Research Center for Digital Sustainability

Sentence Boundary Detection for Multilingual Legal Text

Sentence Boundary Detection for Multilingual Legal Text

This project is available as a Bachelor's project.

Introduction

Swiss court decisions are anonymized to protect the privacy of the involved people (parties, victims, etc.). Previous research [1] has shown that it is possible to re-identify companies involved in court decisions by linking the rulings with external data in certain cases. Our project tries to further build an automated system for re-identifying involved people from court rulings. This system can then be used as a test for the anonymization practice of Swiss courts. For more information regarding the overarching research project, please go here.

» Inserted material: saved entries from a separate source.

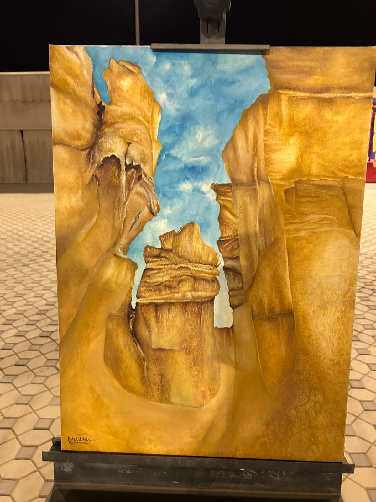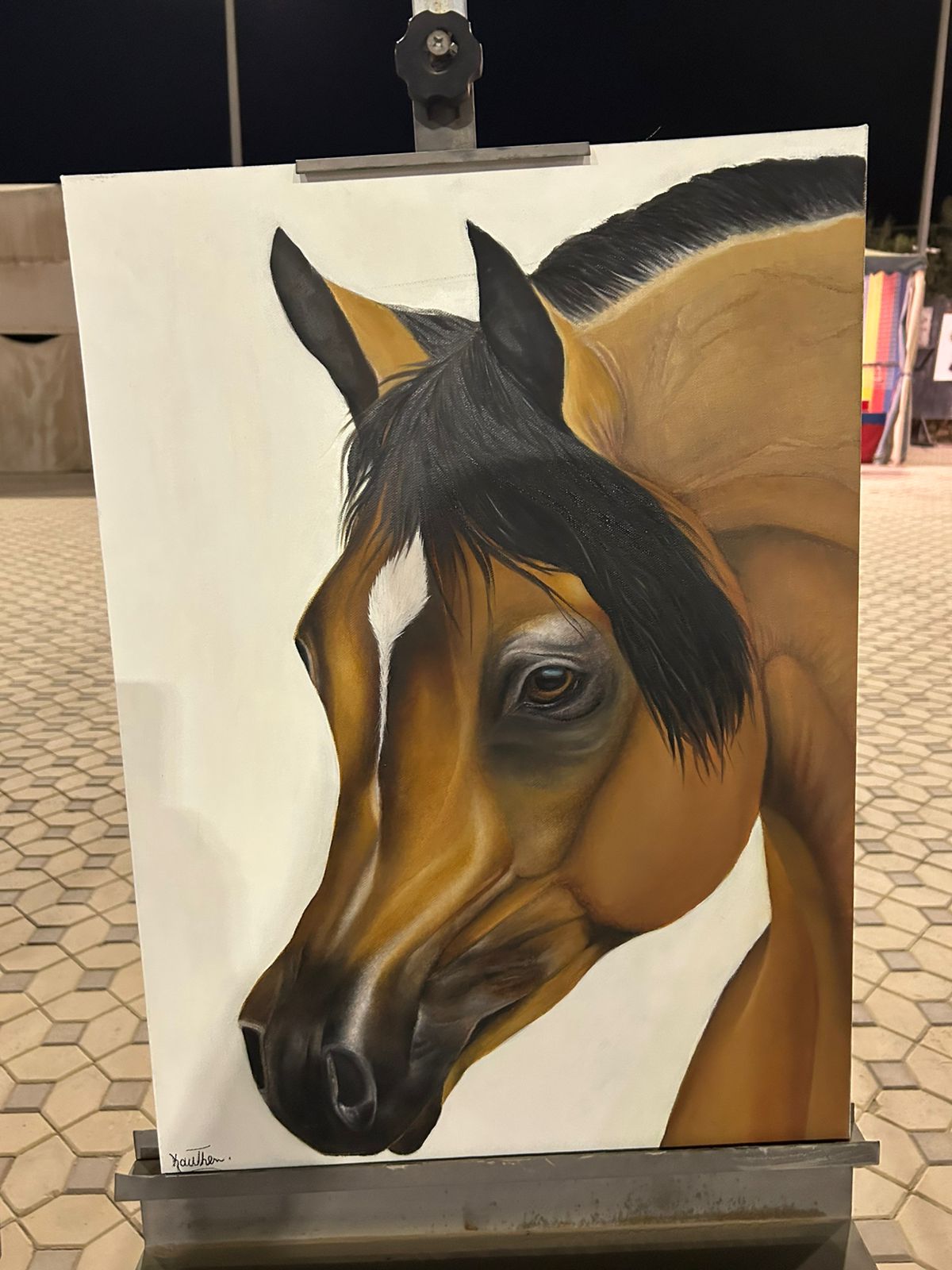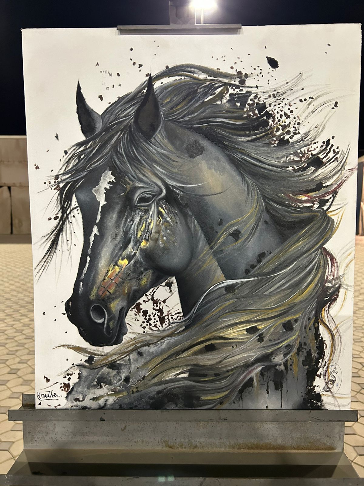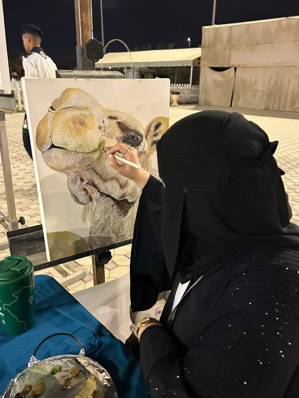 وكان من أبرز المشاركات الفنانة التشكيلية كوثر الموسوي التي أبدعت في الرسم المباشر، مقدمة لوحة فنية جسدت سفينة الصحراء – الجمل في مشهد نال إعجاب الزوار.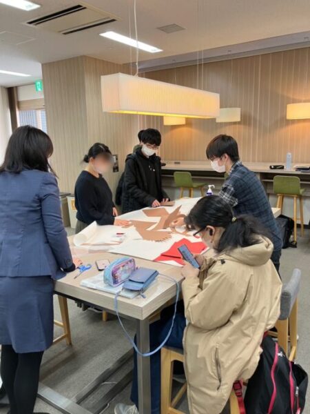 キャンパス長の藤本さんの指揮のもと、みんなでチョキチョキ✂
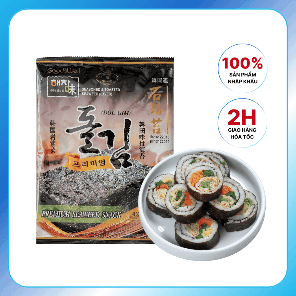Rong biển cuộn cơm Dolgim Hàn Quốc được làm từ 100% rong biển, sử dụng để chế biến những món ăn thơm ngon, hấp dẫn và bổ dưỡng như cơm cuộn, sushi, canh rong biển... Thành phần dinh dưỡng có trong rong biển cung cấp những năng lượng cho cơ thể bạn khỏe mạnh mỗi ngày.

Research has shown [2], that Sentence Boundary Detection (SBD) is not “solved” yet, especially in informal language and in special domains. Especially in the legal domain, conventional sentence splitting methods are still subpar. Although in German [3] recent research worked on mitigating this issue, in many other languages such as French, Italian, Spanish, or Portuguese, SBD is not sufficiently researched, to the best of our knowledge. With this project, we plan to close this gap by creating a dataset for multilingual legal SBD, evaluating the performance of current methods on it, and training a superior model.

Research Questions

So far, to the best of our knowledge, the performance of Sentence Boundary Detection is still subpar in multilingual legal documents

RQ1: What is the performance of current sentence boundary detection systems on multilingual legal data

RQ2: To what extent can we improve upon this performance?

Steps

  1. Get roughly familiar with the literature on Sentence Boundary Detection
  2. Select suitable data (diverse legal data (contracts, court decisions, legislation, commentaries, etc.) in multiple languages)
  3. Setup prodigy for legal sentence boundary annotations and write annotation guidelines
  4. Supervise the annotation process
  5. Evaluate the performance (F1 over boundary points) of existing systems on the newly annotated dataset
  6. Train a new system (probably based on transformers) and evaluate it
  7. Analyze the results

Activities

⬤⬤⬤◯◯ Programming

⬤⬤⬤⬤◯ Experimentation

⬤◯◯◯◯ Literature

Prerequisites

Good programming skills (preferably in Python)

Preferably experience in deep learning (transformers)

Contact

Joel Niklaus

References

[1] Vokinger, K.N., Mühlematter, U.J., 2019. Re-Identifikation von Gerichtsurteilen durch «Linkage» von Daten(banken). Jusletter 27.
[2] Jonathon Read, Rebecca Dridan, Stephan Oepen, and Lars Jørgen Solberg. 2012. Sentence Boundary Detection: A Long Solved Problem?. In Proceedings of COLING 2012: Posters, pages 985–994, Mumbai, India. The COLING 2012 Organizing Committee.
[3] Glaser, I., Moser, S., & Matthes, F. (2021). Sentence Boundary Detection in German Legal Documents. ICAART.